◆ How to complete this task ◆
Give back, unchanged, each line from the one containing "整備後 / 2車線のバイパスで所要時間が15分短縮" through the last line of the entries below.

◆ Input data ◆
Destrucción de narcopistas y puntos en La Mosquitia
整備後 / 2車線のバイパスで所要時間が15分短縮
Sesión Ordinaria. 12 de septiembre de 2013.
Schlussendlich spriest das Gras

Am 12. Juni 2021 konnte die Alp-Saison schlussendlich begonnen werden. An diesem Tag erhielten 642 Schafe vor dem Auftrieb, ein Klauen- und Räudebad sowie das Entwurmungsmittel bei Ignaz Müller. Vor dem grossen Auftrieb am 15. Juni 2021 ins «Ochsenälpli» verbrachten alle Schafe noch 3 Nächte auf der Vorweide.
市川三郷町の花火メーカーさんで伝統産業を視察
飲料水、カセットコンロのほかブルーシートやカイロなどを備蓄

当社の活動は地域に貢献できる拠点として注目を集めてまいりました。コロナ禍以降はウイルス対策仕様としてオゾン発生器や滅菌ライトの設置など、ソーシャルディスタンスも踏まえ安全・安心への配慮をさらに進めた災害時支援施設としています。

◆ Solution for this problem ◆
整備後 / 2車線のバイパスで所要時間が15分短縮
Sesión Ordinaria. 12 de septiembre de 2013.
Schlussendlich spriest das Gras

Am 12. Juni 2021 konnte die Alp-Saison schlussendlich begonnen werden. An diesem Tag erhielten 642 Schafe vor dem Auftrieb, ein Klauen- und Räudebad sowie das Entwurmungsmittel bei Ignaz Müller. Vor dem grossen Auftrieb am 15. Juni 2021 ins «Ochsenälpli» verbrachten alle Schafe noch 3 Nächte auf der Vorweide.
市川三郷町の花火メーカーさんで伝統産業を視察
飲料水、カセットコンロのほかブルーシートやカイロなどを備蓄

当社の活動は地域に貢献できる拠点として注目を集めてまいりました。コロナ禍以降はウイルス対策仕様としてオゾン発生器や滅菌ライトの設置など、ソーシャルディスタンスも踏まえ安全・安心への配慮をさらに進めた災害時支援施設としています。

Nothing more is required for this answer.